Also consider that @ $1 per 16oz bottle you are paying $8/gal for essentially
tapwater that was bottled and driven in from out of state. But try to sell a
gallon of gas for $5 and you are some kind of monster...

------
MattRogish
Good! Living in NYC boroughs there are little/no taxis, so we have to rely on
car services. Since Sandy they are all consistently booked solid (provided you
can even get them on the phone: most are "busy" forever).

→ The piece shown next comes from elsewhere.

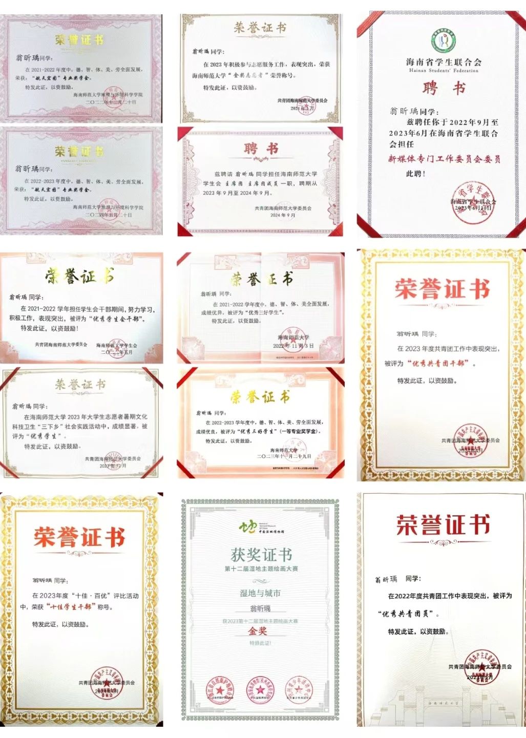 翁昕瑀,女,中共党员,星空游戏官方地理与环境科学学院2021级学生。曾任校学生会主席团成员一职、海南省学生联合会新媒体专工委委员、中国地理学会研究生分会视觉设计岗志愿者、院学生会部门负责人、班级副团支书兼青协委员。曾获校级一等奖学金、航天宏图奖学金;获评“优秀学生会干部”、“优秀三好学生”、“优秀共青团员”、“金奖志愿者”以及在2023年大学生志愿者暑期文化科技卫生“三下乡”社会实践活动中获“优秀学生”等荣誉。在2023第十二届湿地主题绘画大赛中荣获金奖,此外还是《国土空间规划视角下海口市旅游空间结构优化研究》国家级大创项目负责人和《港口城市城镇化与港口物流系统之间的协调发展关系以海口为例》国家级大创项目成员。专业必修课平均学分绩点3.86,专业排名1/34。现已推免至中国科学院大学。

Yet, with Uber dynamic pricing, I have been able to get a car when needed.
Yes, I paid more - but at least I got a car that I wasn't going to get
otherwise. Awesome!

------
ynniv
Amazing how people switch their principals regarding free markets when it
suits them. Especially rich people.

When consumer protection laws are drawn up, they will be the "end of America".
When financial institutions have bankrupted themselves, they "need to be
protected". It's "progress" to prevent people from bringing food onto private
property so that you can massively overcharge them for unhealthy foods. It's
"gouging" to allow others to charge more when demand far exceeds supply in an
emergency.

I agree that leaning solely on price in all circumstances is a poor way to
balance supply and demand. And I don't want anyone to forget how this works
when social sacrifices are demanded for "American success" in the future.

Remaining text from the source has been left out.